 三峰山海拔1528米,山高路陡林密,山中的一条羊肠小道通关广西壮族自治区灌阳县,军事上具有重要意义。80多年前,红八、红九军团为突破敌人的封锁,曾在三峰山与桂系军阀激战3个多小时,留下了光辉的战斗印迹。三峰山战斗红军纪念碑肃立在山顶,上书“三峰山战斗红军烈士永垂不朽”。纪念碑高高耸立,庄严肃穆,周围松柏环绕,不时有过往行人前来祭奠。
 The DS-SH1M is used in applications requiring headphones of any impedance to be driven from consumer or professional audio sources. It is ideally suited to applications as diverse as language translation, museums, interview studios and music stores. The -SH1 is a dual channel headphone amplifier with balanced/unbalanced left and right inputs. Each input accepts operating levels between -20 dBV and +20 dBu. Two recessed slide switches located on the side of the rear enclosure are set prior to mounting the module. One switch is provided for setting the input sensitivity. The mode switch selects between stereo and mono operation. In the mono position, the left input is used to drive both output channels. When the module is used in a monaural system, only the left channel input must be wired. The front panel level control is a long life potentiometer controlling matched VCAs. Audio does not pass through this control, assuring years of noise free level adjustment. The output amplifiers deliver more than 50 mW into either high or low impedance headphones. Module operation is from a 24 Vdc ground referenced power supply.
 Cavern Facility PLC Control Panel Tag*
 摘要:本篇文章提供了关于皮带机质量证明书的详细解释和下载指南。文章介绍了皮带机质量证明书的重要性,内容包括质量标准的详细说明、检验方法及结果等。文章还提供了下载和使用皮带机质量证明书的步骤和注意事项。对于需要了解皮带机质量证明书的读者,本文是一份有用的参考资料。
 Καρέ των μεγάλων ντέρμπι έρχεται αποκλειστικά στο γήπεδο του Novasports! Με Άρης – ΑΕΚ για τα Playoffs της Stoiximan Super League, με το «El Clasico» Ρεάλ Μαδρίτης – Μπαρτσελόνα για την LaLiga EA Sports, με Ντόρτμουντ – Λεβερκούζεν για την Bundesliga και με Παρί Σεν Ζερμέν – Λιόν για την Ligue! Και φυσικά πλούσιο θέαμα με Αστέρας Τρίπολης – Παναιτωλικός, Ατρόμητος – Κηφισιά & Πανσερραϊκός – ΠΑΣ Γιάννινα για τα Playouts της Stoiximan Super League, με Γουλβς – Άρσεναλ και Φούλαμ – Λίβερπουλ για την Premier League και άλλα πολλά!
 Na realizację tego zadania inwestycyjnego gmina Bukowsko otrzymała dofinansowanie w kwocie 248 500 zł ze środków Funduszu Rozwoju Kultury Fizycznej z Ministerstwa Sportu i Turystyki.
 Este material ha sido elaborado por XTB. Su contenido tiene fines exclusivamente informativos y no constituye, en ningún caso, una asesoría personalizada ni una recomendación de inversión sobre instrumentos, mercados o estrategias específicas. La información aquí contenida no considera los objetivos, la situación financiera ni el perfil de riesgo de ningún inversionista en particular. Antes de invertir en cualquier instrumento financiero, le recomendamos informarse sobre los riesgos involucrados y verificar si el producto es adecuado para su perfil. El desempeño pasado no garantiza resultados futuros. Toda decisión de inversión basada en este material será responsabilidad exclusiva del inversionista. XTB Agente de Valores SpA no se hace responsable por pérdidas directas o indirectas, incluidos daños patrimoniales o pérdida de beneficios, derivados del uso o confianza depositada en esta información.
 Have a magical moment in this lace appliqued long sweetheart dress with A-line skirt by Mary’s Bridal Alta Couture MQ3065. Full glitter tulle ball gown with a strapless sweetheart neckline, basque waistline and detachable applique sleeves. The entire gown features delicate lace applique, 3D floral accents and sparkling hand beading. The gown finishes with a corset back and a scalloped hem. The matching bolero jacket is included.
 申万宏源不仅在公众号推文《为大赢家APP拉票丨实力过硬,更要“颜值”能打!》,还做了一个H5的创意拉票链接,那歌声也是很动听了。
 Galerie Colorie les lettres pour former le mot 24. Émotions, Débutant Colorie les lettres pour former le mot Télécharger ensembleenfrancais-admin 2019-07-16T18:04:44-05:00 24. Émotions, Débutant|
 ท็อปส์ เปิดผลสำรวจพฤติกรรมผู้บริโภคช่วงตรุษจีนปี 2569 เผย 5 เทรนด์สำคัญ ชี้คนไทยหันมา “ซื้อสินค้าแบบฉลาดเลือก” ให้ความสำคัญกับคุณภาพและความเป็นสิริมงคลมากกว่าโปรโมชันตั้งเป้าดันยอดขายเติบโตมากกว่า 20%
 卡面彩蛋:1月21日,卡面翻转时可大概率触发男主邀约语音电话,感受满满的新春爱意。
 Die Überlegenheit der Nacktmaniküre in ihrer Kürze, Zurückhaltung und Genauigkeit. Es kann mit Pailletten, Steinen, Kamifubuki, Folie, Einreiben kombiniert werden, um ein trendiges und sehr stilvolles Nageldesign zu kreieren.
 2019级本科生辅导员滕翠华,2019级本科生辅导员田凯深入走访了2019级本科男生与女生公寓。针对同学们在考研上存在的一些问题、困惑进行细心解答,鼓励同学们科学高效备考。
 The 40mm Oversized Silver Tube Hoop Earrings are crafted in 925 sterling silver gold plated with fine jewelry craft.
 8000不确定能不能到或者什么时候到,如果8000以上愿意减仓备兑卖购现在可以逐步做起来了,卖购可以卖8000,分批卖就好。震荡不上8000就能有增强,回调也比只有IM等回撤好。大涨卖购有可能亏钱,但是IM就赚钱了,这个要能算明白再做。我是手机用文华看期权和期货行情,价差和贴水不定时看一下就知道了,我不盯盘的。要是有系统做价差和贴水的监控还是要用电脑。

======

▸ Task statement
Say how many lines above contain the string "long". Answer with the number only.

▸ Task solution
2